_DATA TO USE_:
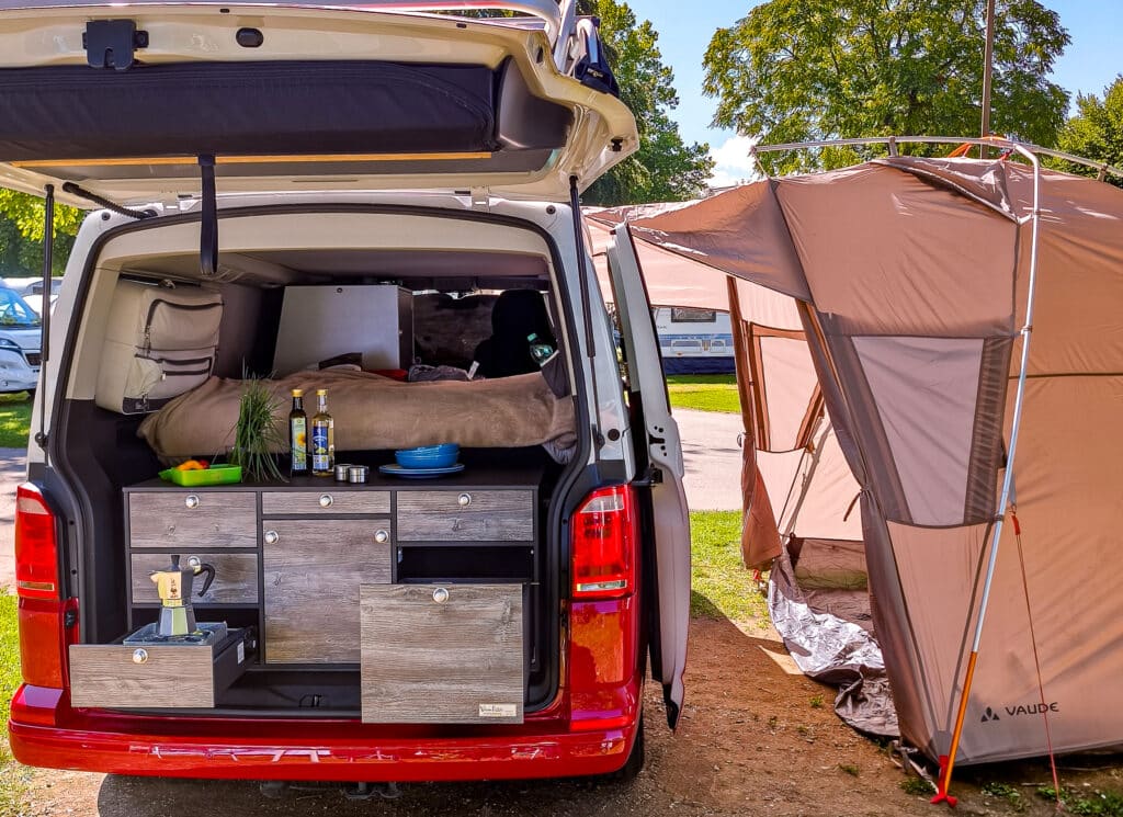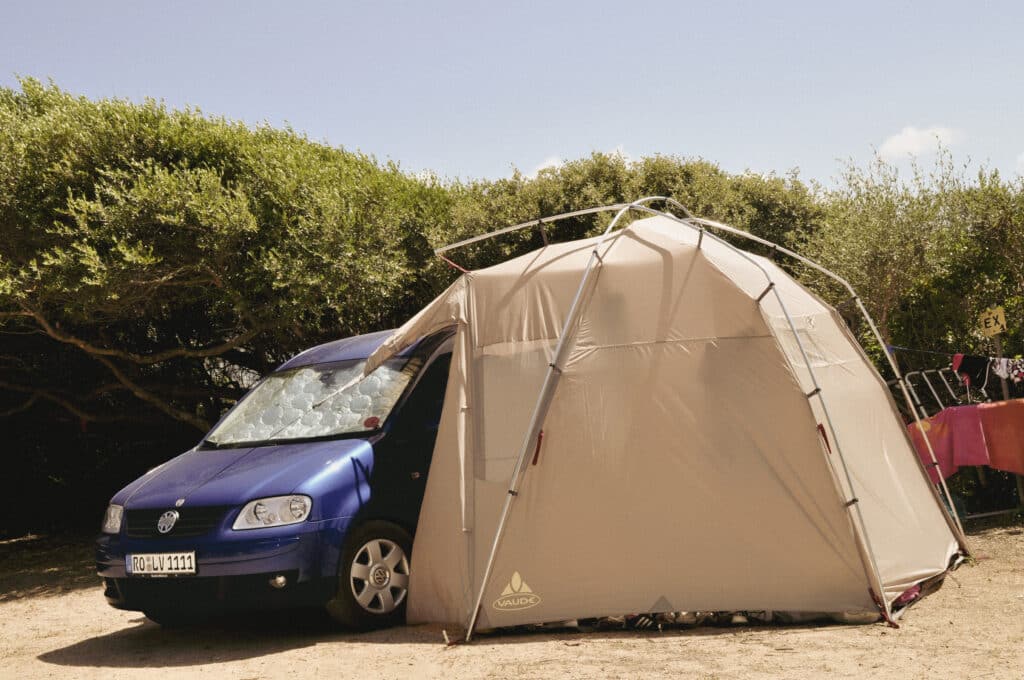 Sehr wichtig ist es, dass ein Zelt immer selbststehend ist, damit Sie mit Ihrem Van einen Ausflug machen können ohne alles wieder abbauen bzw. verstauen zu müssen. Das Zelt bleibt stehen und reserviert Ihnen nicht nur den Stellplatz sondern Sie können auch Tische und Stühle einfach darin stehen lassen – das Zelt kann rundum geschlossen werden.
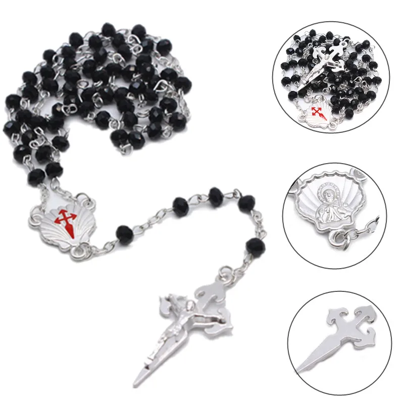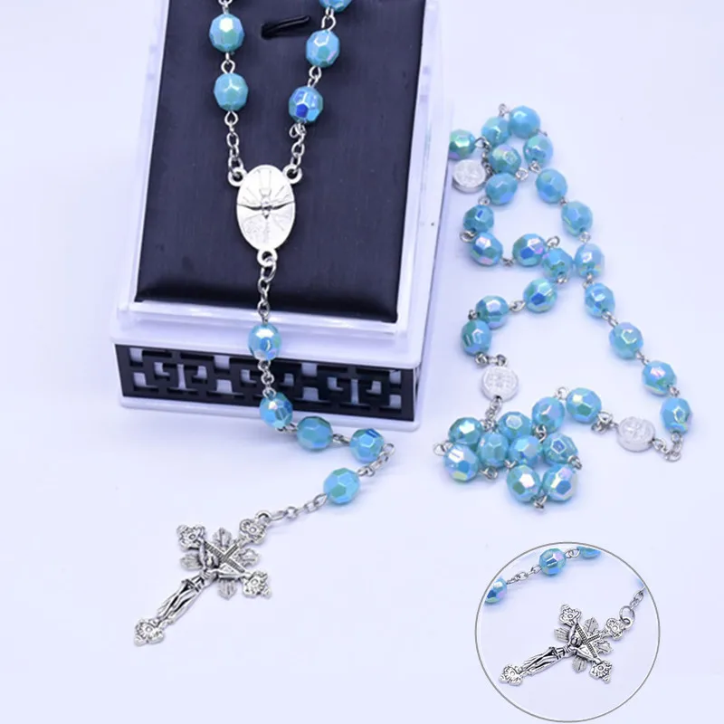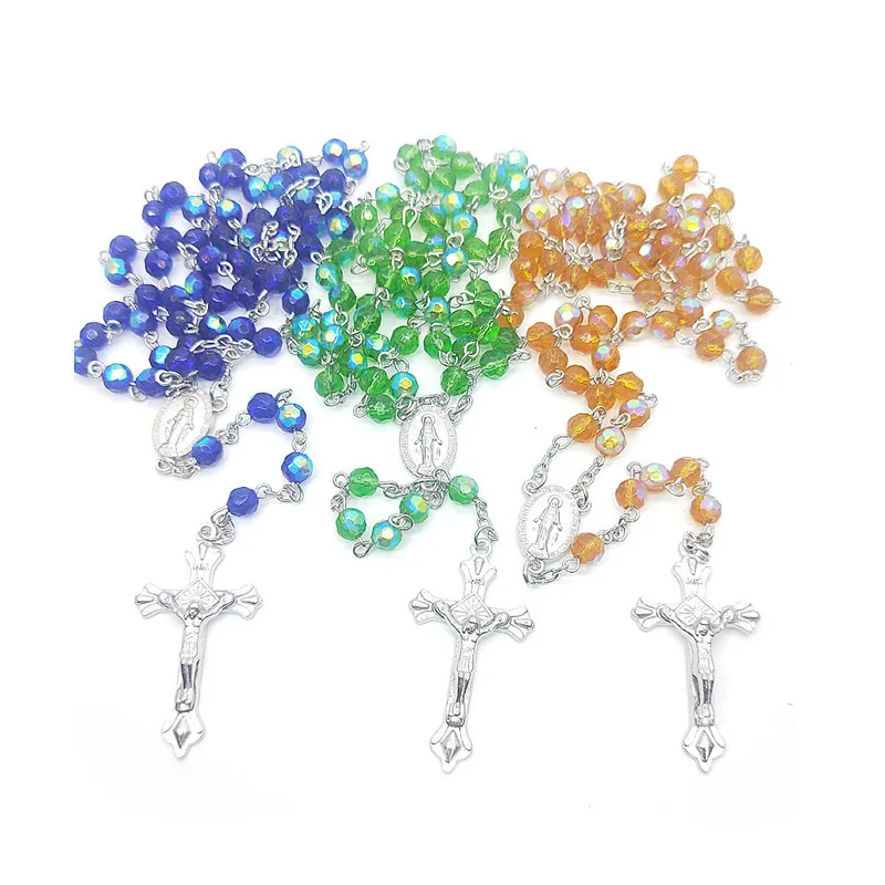 Цепочка с подвеской-крестом для мужчин и женщин, ожерелье с крестом Мадонны, Христовой четки, хрустальные бусины, католическая молитва, бижутерия, Розарий, 6 видов
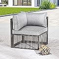 mimbre/ratán Medidas del sillón de comedor: la colección Aura es ideal para cualquier velada de verano. Incluye tapas de pie que no dejan marcas para proteger el suelo. Dimensiones: 21.5 pulgadas de largo x 24 pulgadas de ancho x 33.5 pulgadas de alto; capacidad de peso: 331 libras. Estilo contemporáneo: actualizando cubiertas, patios traseros y piscinas, esta colección cuenta con líneas limpias y un perfil moderno. Los cojines para todo tipo de clima de 2.5 pulgadas y las fundas lavables a máquina garantizan una comodidad elegante Cena al aire libre: disfruta de una cena bajo las estrellas o de un almuerzo soleado en el patio con esta silla de comedor al aire libre. Ideal como silla decorativa o alrededor de la mesa del comedor, este sillón ofrece comodidad de apoyo Resistente a la intemperie: construida para uso en exteriores, esta silla de mimbre cuenta con un marco de aluminio recubierto de polvo y está tejida con ratán sintético gris sobre gris resistente al agua y a los rayos UV que otorga una textura única Renueva el patio: actualiza tu patio trasero o porche con una acogedora silla de comedor moderna para patio. Se adapta sin esfuerzo a las necesidades de tus invitados mientras crea el entorno perfecto para comer en el patio al aire libre
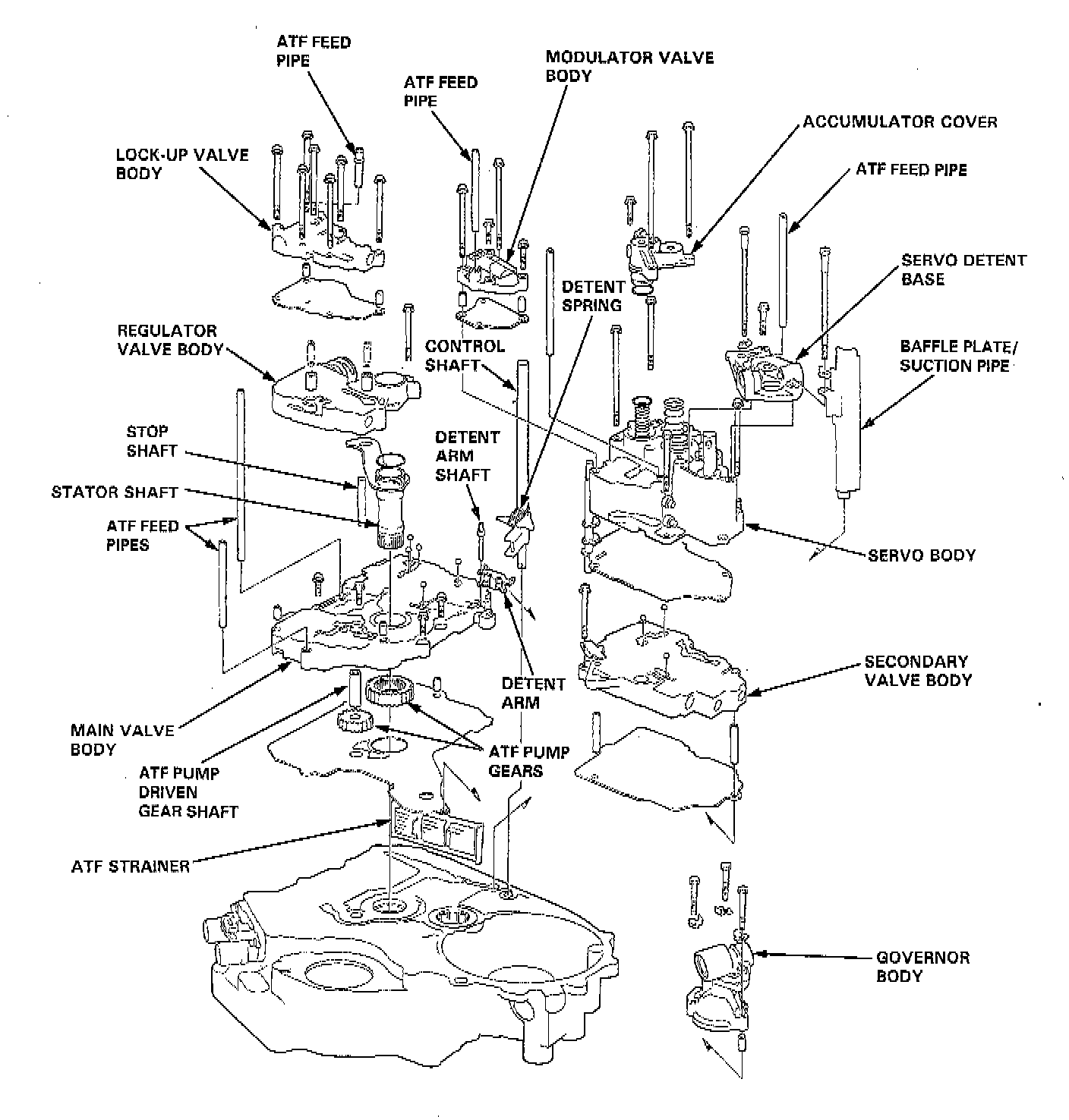 4. Remove the four bolts securing the modulator valve body, then remove the modulator valve body and separator plate.
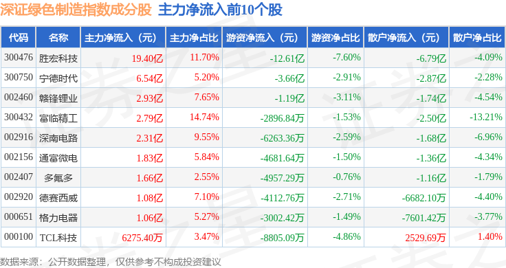 资金流向方面,深证绿色制造(970069)指数成份股当日主力资金净流入合计23.17亿元,游资资金净流出合计28.69亿元,散户资金净流入合计5.52亿元。成份股资金流向详情见下表:
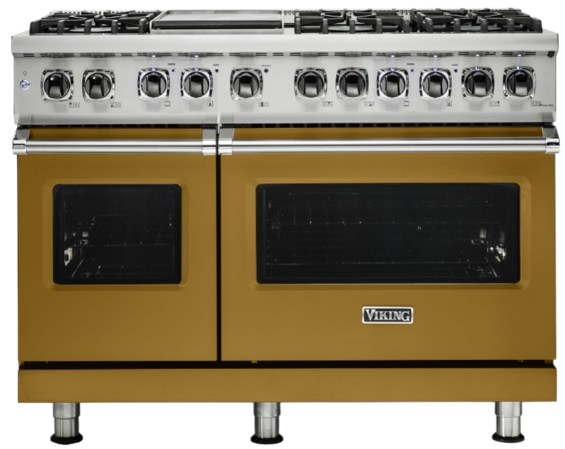 The Viking® Golden Hour 48" Self Cleaning Liquid Propane Dual Fuel Range with Griddle combines luxury and performance. Featuring a spacious gas cooktop, an self-cleaning oven, and a built-in griddle, it offers precise cooking control and a stylish finish for any kitchen.Read More

_WHAT TO WORK ON_: Could you retype exactly, and only, the lines running from the one with "资金流向方面,深证绿色制造(970069" to the last line of the listing, while leaving any pictures out?

_SOLUTION TO THIS EXERCISE_:
 资金流向方面,深证绿色制造(970069)指数成份股当日主力资金净流入合计23.17亿元,游资资金净流出合计28.69亿元,散户资金净流入合计5.52亿元。成份股资金流向详情见下表:
 The Viking® Golden Hour 48" Self Cleaning Liquid Propane Dual Fuel Range with Griddle combines luxury and performance. Featuring a spacious gas cooktop, an self-cleaning oven, and a built-in griddle, it offers precise cooking control and a stylish finish for any kitchen.Read More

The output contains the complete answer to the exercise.